Quality Control: Interpretations, as well as results from multiple sources, were cross-validated to ensure accuracy. When a certain claim (e.g., very high adsorption capacity) featured, we checked other works that either backed up this claim or conflicted it. We scrutinized the methods of the experiments (was the capacity measured in real-life or pristine lab conditions, for instance?) to contextualize the results. Discrepancies or debate in the literature are mentioned in the discussion section .References were organized using a reference management software (e.g. EndNote or Mendeley) to ensure all relevant sources were cited and no omissions occurred [34]. Based on the methodology set out above more than 100 relevant sources were reviewed and key information synthesized. The subsequent Results and Discussion sections comprise the aggregated findings, organized by the key strands of nano-enabled carbon capture pathways and then discuss their implications in terms of conventional pathways [35].

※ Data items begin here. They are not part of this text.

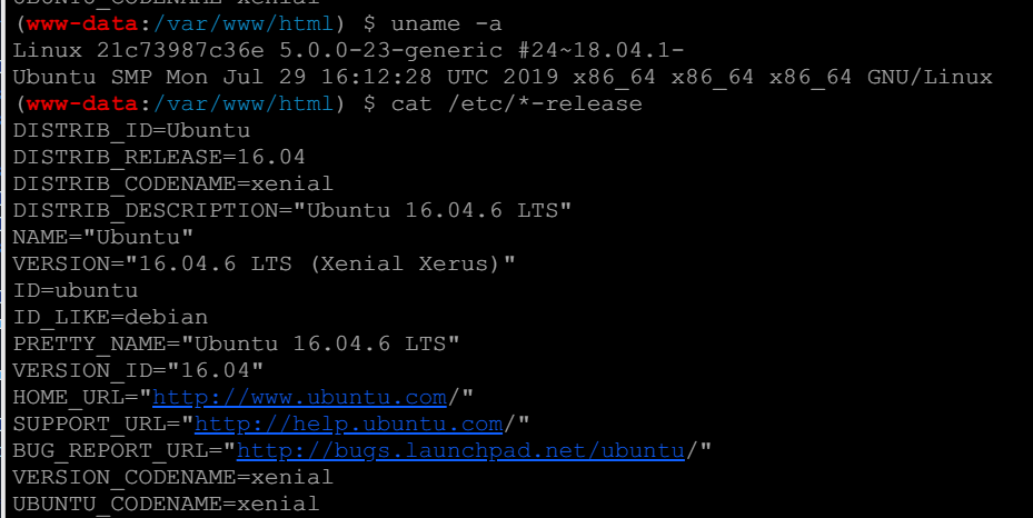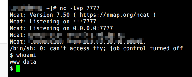 连上shell后, whoami 查看为www-data权限,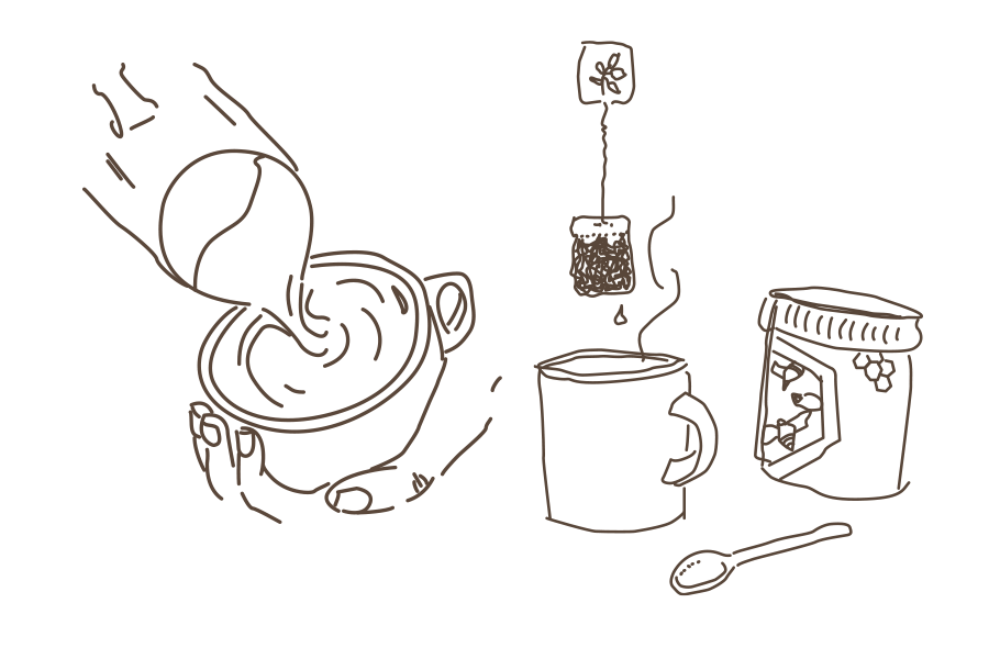 I caféen kan du nyde baristakaffe brygget på kaffebønner udvalgt og ristet lokalt på Aarhus Havn af Sydhavnskaffe. Du kan også vælge mellem et bredt udvalg af økologisk te, som de velkrydrede varianter fra Pukka og grøn te og urtete varianter fra Sonnentor.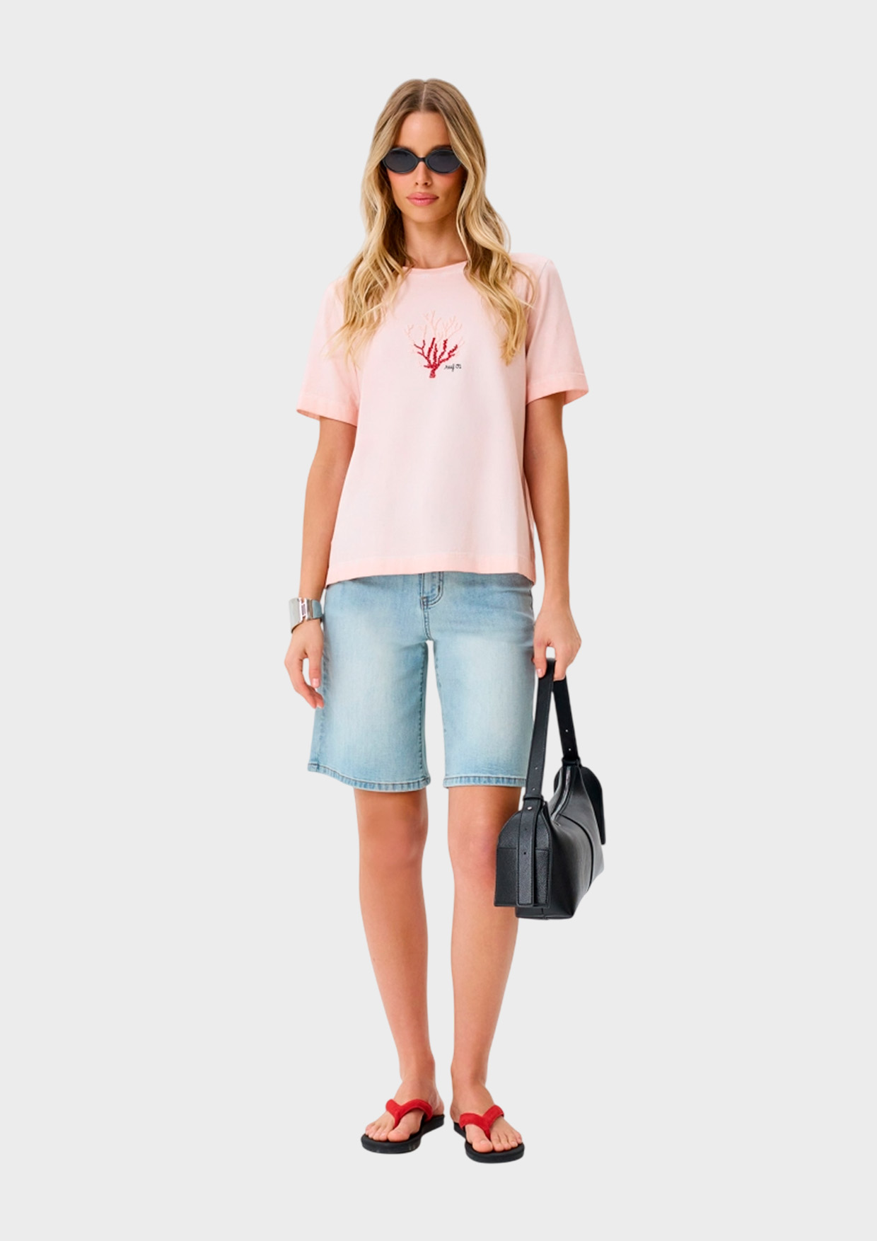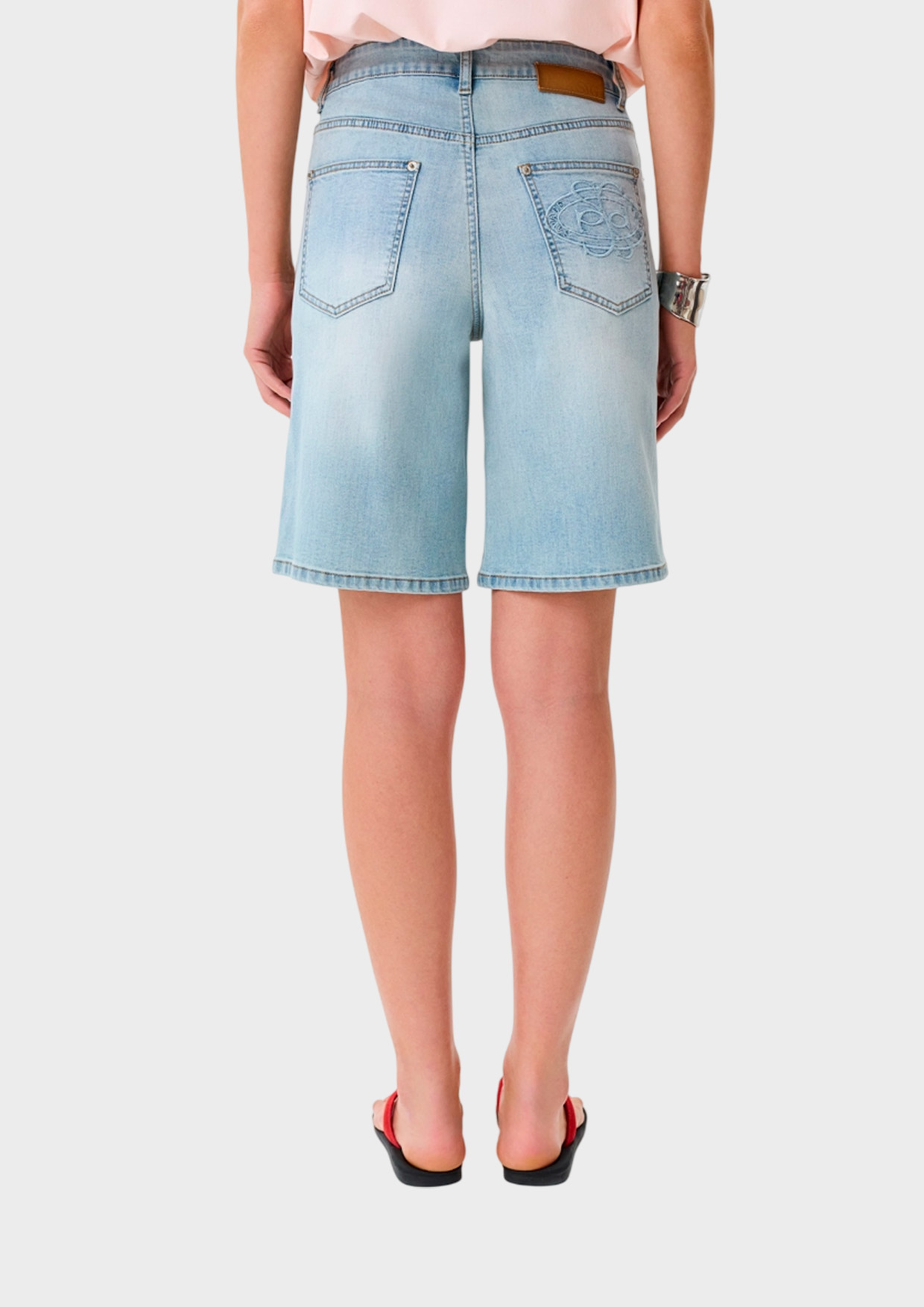 Джинсовые шорты бермуды прямого силуэта. Застежка на молнию и металлическую пуговицу. Дополнены вышивкой в цвет на заднем кармане. В составе спандекс.

The methodical approach used to examine recent developments in CO₂ capture technologies based on nanomaterials is presented in this section. The scope excluded non-nano or post-capture utilization and was restricted to nano-enhanced capture techniques (adsorbents, absorbents, and membranes). Below is a summary of how different nanotech categories are classified and how their performances compare[25, 36, 37]. Figure 2: flowchart showing research steps used in the review process].

Table 2 Classification of Nanotechnology Categories[33]

Table 3 Comparing the CO₂ Capture Performance of Different Nanotechnology Categories [33]

Figure 2 The Great Research Steps series flowchart.[33]

Results

We focused on applications of nanotechnology for carbon capture, and through our extensive literature review found substantial advancements in this area. The findings are categorized under three broad technical headings: (1) nano-structured solid adsorbents, (2) nano-enhanced liquid absorbents (nanofluids), and (3) nano-enabled membranes for gas separation. For each category, we summarize the performance of these new techniques compared to traditional methods based on representative studies from 2018-2025.[38].CO₂ Capture by Nano-Structured Solid Adsorbents.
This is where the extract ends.